This thing is so spot-on. This shows the true cookie-cutter writing style of all the conservative "authors."
Conservative Books For Dummies
(by Bennet Kelley at Huffington Post)
You too can become a best-selling author of conservative books in eight easy steps -- really. This is made possible by conservative publishers applying the lessons of Henry Ford's assembly-line production to the publishing industry by following a proven formula to churn out book after book, each guaranteed early best-seller status through bulk sales to conservative groups.
For example, Ann Coulter's newly released Godless: The Church of Liberalism is her fourth book in five years. Your path to replicating her success is only eight steps away.
Rule 1: Liberal, Liberal, Liberal
Use the word liberal like it is the foulest word in the English language, but still use it a lot.
Rule 2: Apocalypse Now
Your target for vilification, whether it be the Clintons, feminists or some other lucky group, must lead to the immediate ruin of our democratic system, Judeo-Christian values and/or Western Civilization and you are leading the charge to, in the words of Michael Savage, "beat back the tentacles of today's ever-expanding liberalism, which even now threatens to corrupt and ultimately destroy America's most cherished institutions."
Rule 3: The Oppressed Conservatives
The corollary to the second rule is that you and your conservative brethren are the oppressed underdogs even if they control all branches of government and the media. For example, Ms. Coulter complains that liberalism has become the nation's "official state religion [while] Christianity and Judaism are prohibited by law." This would be news to the Democrats who still cower at the thought of being branded with the "L" word, but Ms. Coulter recognizes that the perception that this might or could someday be true is certain to sell books.

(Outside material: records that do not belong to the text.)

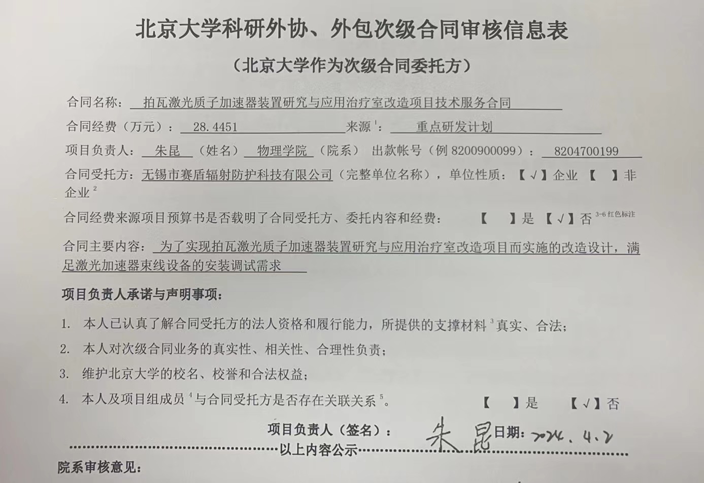 根据《关于北京大学理工科科研次级合同管理的通知》,现将北京大学理工科科研次级合同“拍瓦激光质子加速器装置研究与应用治疗室改造项目技术服务合同”相关内容予以公示。
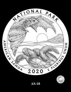 AS-10 features both the Samoan Fruit Bat and the Green Sea Turtle with the island of Samoa in the background. Both creatures are native to the island and are significant mythological symbols of the ancient Samoan culture.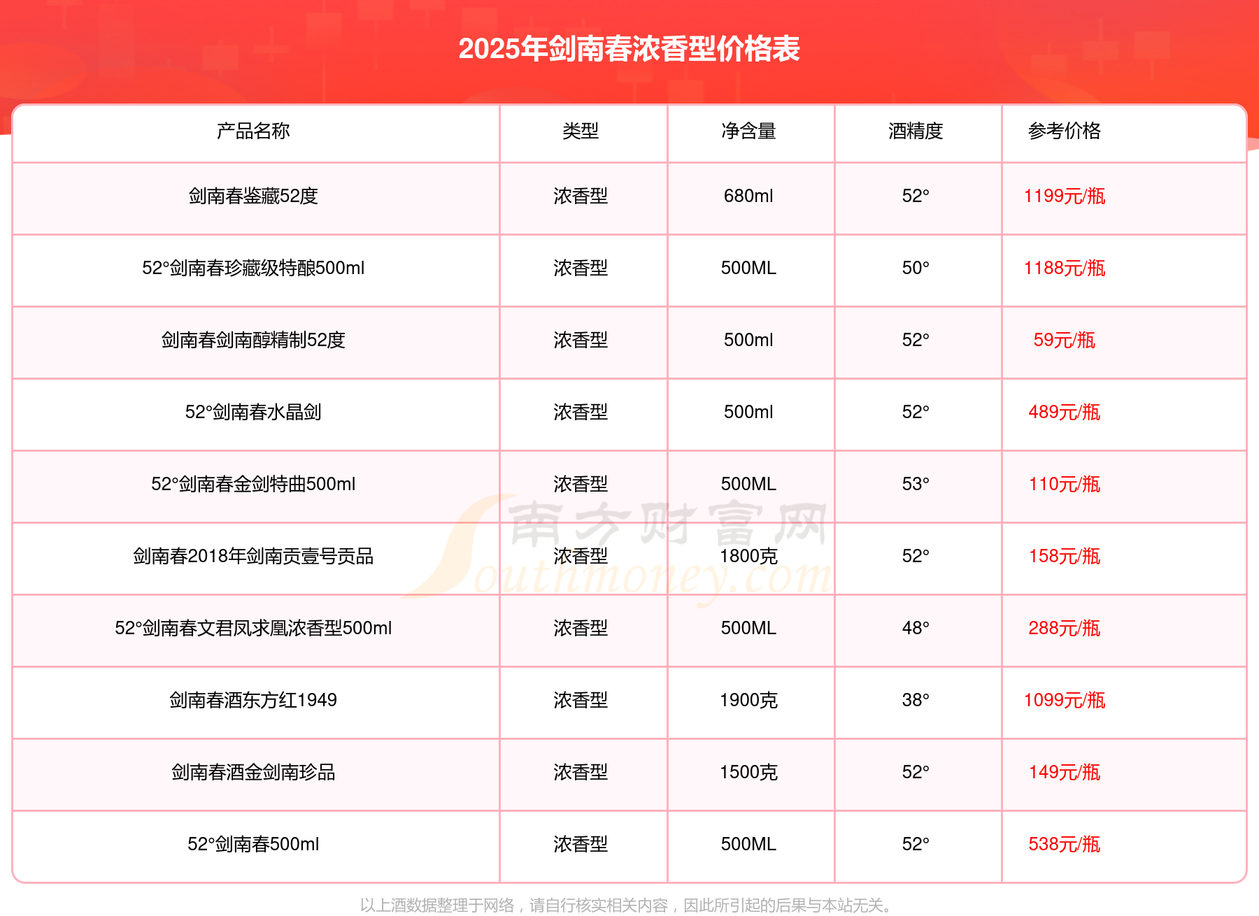 2025年劍南春濃香型酒劍南春鑒藏52度、52°劍南春珍藏級(jí)特釀500ml、劍南春酒東方紅1949、52°劍南春500ml、52°劍南春水晶劍、劍南春水晶劍38度、52°劍南春文君鳳求凰濃香型500ml等最新價(jià)格如下:劍南春鑒藏52度參考價(jià)1199元/瓶、52°劍南春珍藏級(jí)特釀500ml參考價(jià)1188元/瓶、劍南春酒東方紅1949參考價(jià)1099元/瓶、52°劍南春500ml參考價(jià)538元/瓶、52°劍南春水晶劍參考價(jià)489元/瓶、劍南春水晶劍38度參考價(jià)378元/瓶、52°劍南春文君鳳求凰濃香型500ml參考價(jià)288元/瓶。

Rule 4: Reagan = Good, Clinton = Bad
Always remember that anything good happened because of Reagan and anything bad happened because of the Clintons -- no exceptions. For example, Reagan brought us "Morning in America" but is never responsible for the huge deficits of the 1980s that lead to the 1987 stock market crash (which either were immaculately conceived or the result of the big-spending Democratic Congress). At the same time, Clinton is as a "tax-and-spend liberal" for eliminating the deficits he inherited from Reagan and the elder Bush, but the economic boom that followed was solely the result of Reagan's policies and a Republican Congress.
Rule 5: Happy Days Are Here Again
Your vision of America must be something close to a cross between Little House on the Prairie and Happy Days, where white men were in charge, women stayed at home and what was good for GM was good for America -- that is until the liberals ruined it all. Nobody excels at conservative nostalgia like Ms. Coulter, who wants to repeal every law since the Emancipation Proclamation (including women's suffrage) and concedes she longs for the Cold War days when "at least our enemies were white."
Rule 6: Conservative Calumniations
To make your case you can cite one example of something that might have happened in Walla Walla, Washington as a sign of a national movement (e.g., John Gibson's "war on Christmas") or you can just make stuff up (it saves on footnotes). For example, Spinsanity described Ms. Coulter's Slander as "riddled with factual errors, egregious misrepresentations and a constant stream of broad, inflammatory claims about liberals." Why do research, when you can appear on the O'Reilly Factor instead?
Rule 7: Be Very Nasty
Your book must deliver the joy of hate to your readers, which is why liberals are not just wrong, they are, in the words of Ms. Coulter, Mona Charen, Mike Gallagher and Michelle Malkin, "traitors," the "spawn of Satan," "unhinged" and "useful idiots" who are trying to destroy "every value and standard, principle and ideal, concept of God, family, honor, duty, country and decency that we hold dear." There is one caveat to this rule -- you should be careful not to go after widows, orphans, cripples or people like Mother Theresa as you should save them for your next book instead.
Rule 8: The Importance of Good (Contra-)Diction
To be anointed as the next hot conservative author, you must be ready to spout pithy poison darts and gloss over the obvious inconsistencies in your message in all media appearances. For example, you must be able to claim that conservatives are for a strict interpretation of the Constitution according to the Framer's intent except when it means upholding separation of church and state, limiting the authority of President Bush or selecting a president. Don't sweat this rule too much since you always have Rule 7 to fall back on if you get in trouble.
By simply following these eight rules, you can become a best-selling author and member of the new conservative elite overnight. So skip the research and start typing and soon you will join Ann Coulter, Sean Hannity and others in toasting to the true hero of today's media conservatives -- Dr. Faustus.